Defining The Tale in our “#MeToo” terms seems limiting, and turns the human character and her story into a convenient representation. That the movie was made before this moment underscores how deep and present the problem of sexual abuse has always been, in and around our vision. The difference here is that sexual assault experienced as an adult invites the type of sometimes evasive, gray-area discussions that are unnecessary in instances of child sexual abuse. Despite the film’s frequent use of the word “relationship” to describe the encounters, The Tale isn’t about the blurred lines of a self-aware teen in sexual collusion with an older man. It ultimately decides this was not that.

Young Jenny is presented both as an unreliable storyteller who considered herself an agent of her actions and as a victim of a predator, through shrewd visual devices to mimic the inaccuracy and dissolution of memory—adult Jenny is seen interrogating her younger self in direct-to-camera vignettes—and to emphasize how recollections create uncertainty and distrust, in ways meant to prompt deep thought about the nature of remembrance. The film depicts multiple scenes of rape between the 13-year-old Jenny and the abuser, along with depictions of actions associated with pedophilia: psychological manipulation, persuasion and preying on purity, all in a way that spells out the wrongfulness of the act even as the author questions it herself. (For graphic sexual scenes, the movie’s end credits note, an adult body double had to be used in place of Isabelle Nelisse, the actor who plays the 13-year-old Jenny. Nelisse was 11 years old when the film was shot.)

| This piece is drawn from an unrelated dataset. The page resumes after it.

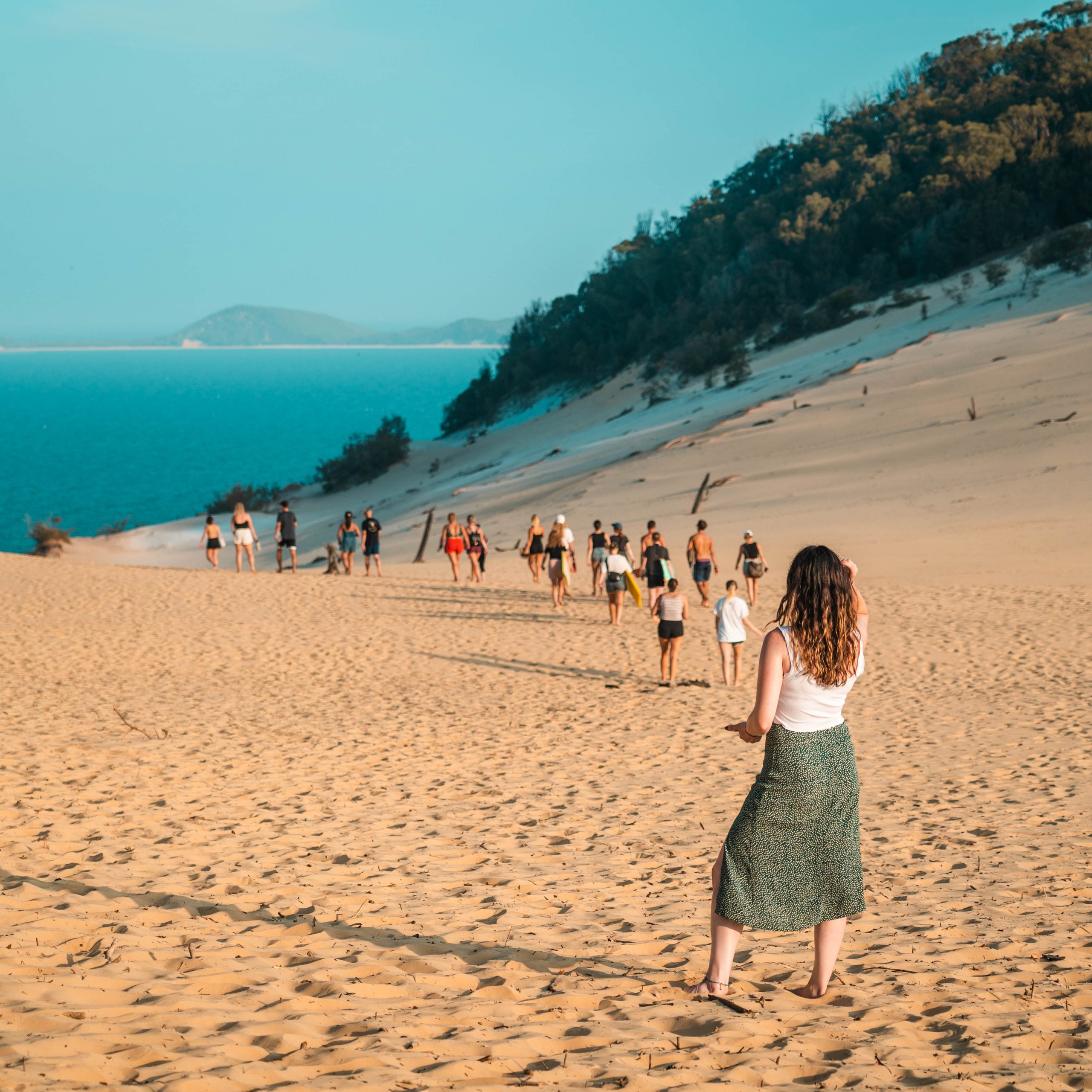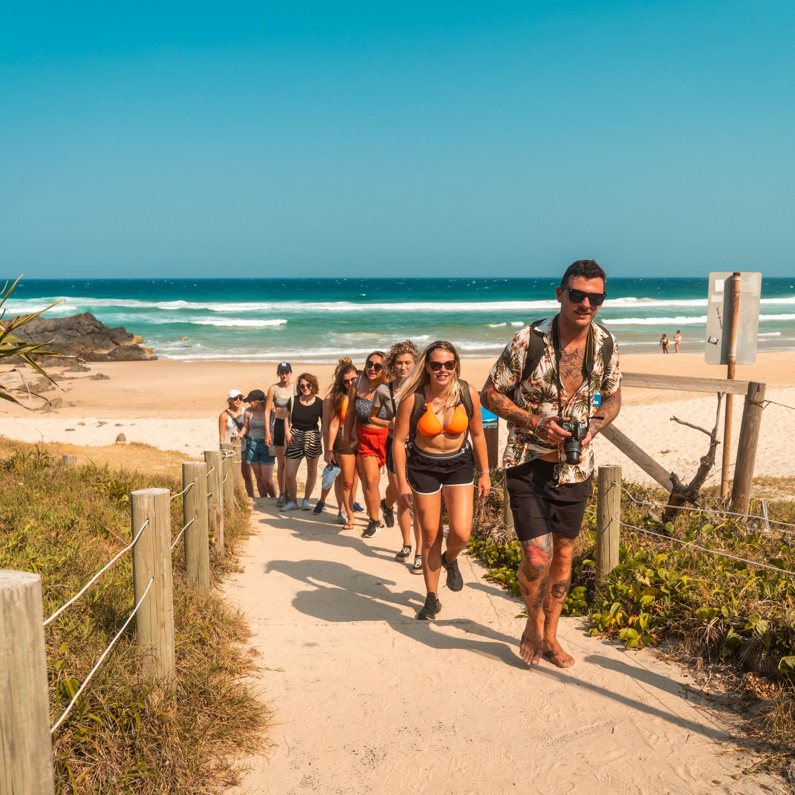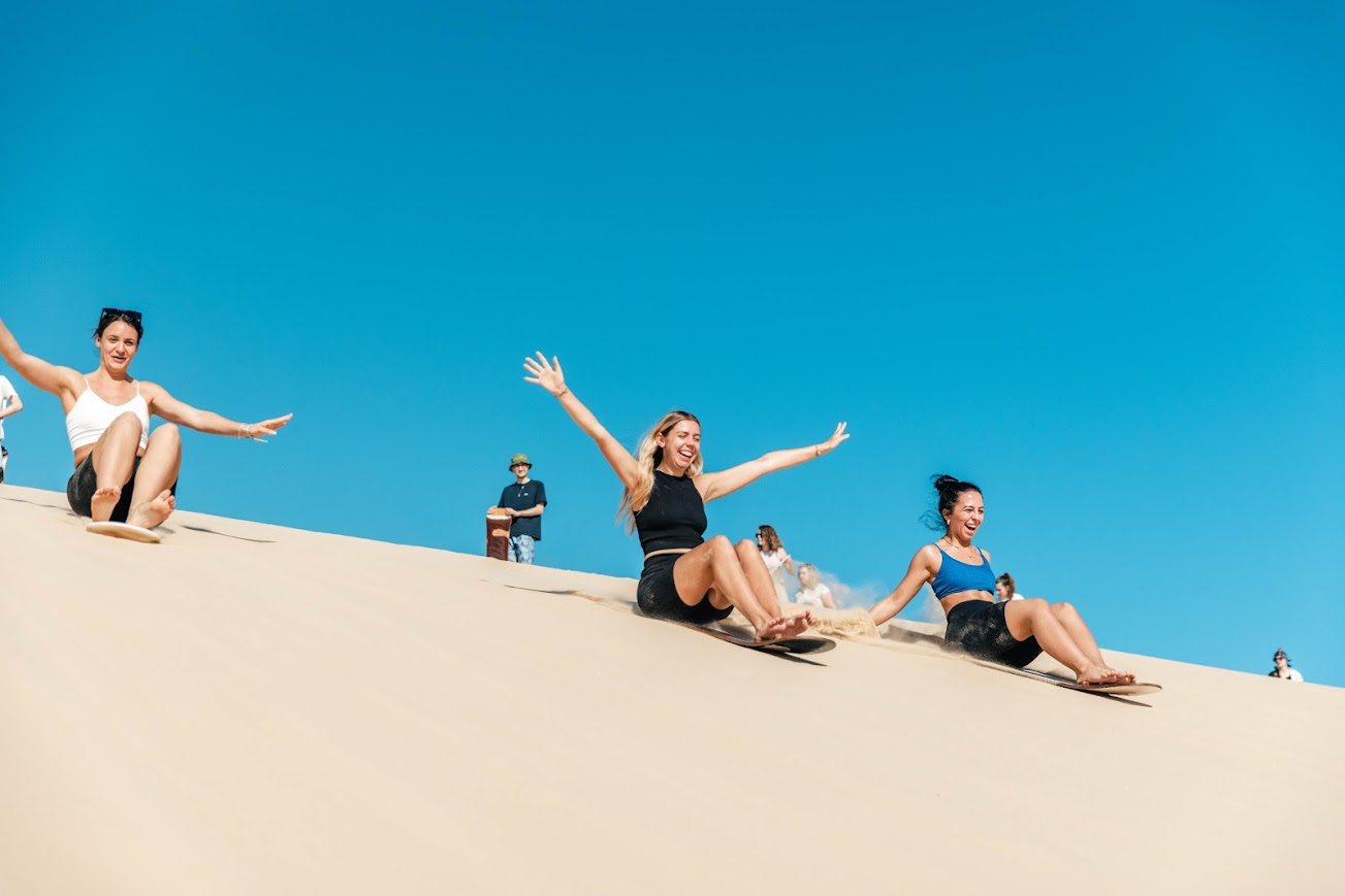 Wir beginnen mit dem Frühstück auf Fraser Island, bevor wir unseren Lagerplatz aufräumen und abbauen. Dann fahren wir zum Ausgangspunkt des Lake-Wabby-Wanderwegs, wo wir durch die Sanddünen zu diesem tropischen Paradies wandern! Nach unserer Wanderung zum Lake Wabby essen wir zu Mittag, bevor wir uns auf den Weg zum Strand machen, um zum Lastkahn zurückzukehren. Sobald wir wieder auf dem Festland sind, kehren wir zum Schuppen für Allradfahrzeuge zurück, wo ihr die Autos auspackt und schnell reinigt. Wir kehren zwischen 15 und 16 Uhr zum Freedom Rainbow Beach zurück.

The Tale is as much about how we talk about and remember sexual violence as it is the experience. We see the confusion in the adult Jenny, and the exploitation of the younger Jenny is clear and visualized. In contrast, 2015’s The Diary of a Teenage Girl, for instance, focused on a 15-year-old girl’s sexual relationship with an older man (her mom’s 35-year-old boyfriend), but that movie defined her journey as a declaration of sexual awakening. The story is presented solely through her eyes and it’s a difficult narrative, but abuse isn’t the driving force of the narrative; it’s about the birth of agency.

The Tale is as much about how we talk about and remember sexual violence as it is the experience.

In this case, it matters how the filmmaker views the work. At a screening for The Tale at Sundance, following a standing ovation, Fox gave a Q&A about the production process. “I realized that I didn’t want to make a film just about child sexual abuse,” she told the audience. “I wanted to make a film about memory, and so I began to throw that aside and just create these units of memory.” All the scenes, she said, were “based primarily on real scenes” (perhaps she instinctively defined her life in terms of scenes), and the narrative is “as close to true as possible, in the fiction form,” she said.

After the Q&A, I walked up to Fox and asked her how she felt about The Tale being conjoined with #MeToo. “We’re at a moment where all of a sudden the wound has been opened, and I think it’s a really important moment,” she told me. “I hope with The Tale that we can get a more nuanced and complex dialogue as part of that movement. But I’m happy to be part of that movement.”

The Tale has landed at HBO, which Variety suggests is fitting: “It was a courageous choice to portray this kind of crime with such disquieting authenticity. Yet it lends the movie a squirmy and disturbing quality that people tend to shy away from in movie theaters (and may feel more comfortable confronting at home).” Certainly, people will need the time to process it.